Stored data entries
-- Opening Marker --

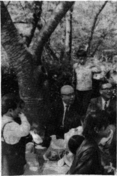
たのしい一日おとうさん

呼子町母子連盟(会長山下光子さん)主催の「一日お父さん」が今年も晴天に恵まれた四月二十九日(天皇誕生日)に行なわれました。当日は、町長、議長、警察署長、小中学校長、福祉事務所長さんのお父さんとお父さんのお子五十二人他総勢八十五人で二台の貸切バスにのって、午前八時呼子を出発武雄市御船山レジャーセンター内で満開のつつじを眺め乍ら、お父さん達と話をしたりおいしい弁当に舌鼓をうち面白い奇術や手品に感心し、大浴場で泳いだりして午後四時三十分、みんな無事に呼子へ帰りました。
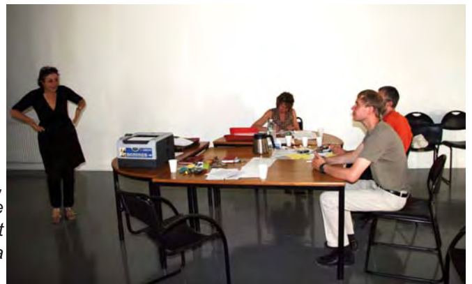
Dès le 25 juillet, l'équipe s'installe dans le centre d'art Mira Phalaina

Depuis la rentrée et encore actuellement :
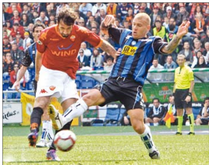
المونتينغري ميركو فوتشينيشت مفتتحا التسجيل لروما امام أتلانتا (أ. تارانينو - أ ب)
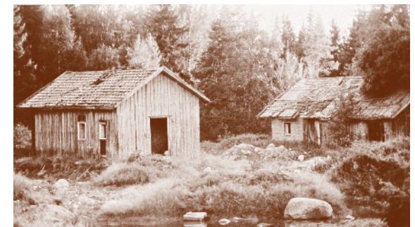
Bua/Braanen 1960. Husmannsplass under Tallaksrud.

-- Closing Marker --

ASSIGNMENT
Copy the data in full. No pictures belong in the copy.

PROBLEM SOLUTION
たのしい一日おとうさん

呼子町母子連盟(会長山下光子さん)主催の「一日お父さん」が今年も晴天に恵まれた四月二十九日(天皇誕生日)に行なわれました。当日は、町長、議長、警察署長、小中学校長、福祉事務所長さんのお父さんとお父さんのお子五十二人他総勢八十五人で二台の貸切バスにのって、午前八時呼子を出発武雄市御船山レジャーセンター内で満開のつつじを眺め乍ら、お父さん達と話をしたりおいしい弁当に舌鼓をうち面白い奇術や手品に感心し、大浴場で泳いだりして午後四時三十分、みんな無事に呼子へ帰りました。
Dès le 25 juillet, l'équipe s'installe dans le centre d'art Mira Phalaina

Depuis la rentrée et encore actuellement :
المونتينغري ميركو فوتشينيشت مفتتحا التسجيل لروما امام أتلانتا (أ. تارانينو - أ ب)
Bua/Braanen 1960. Husmannsplass under Tallaksrud.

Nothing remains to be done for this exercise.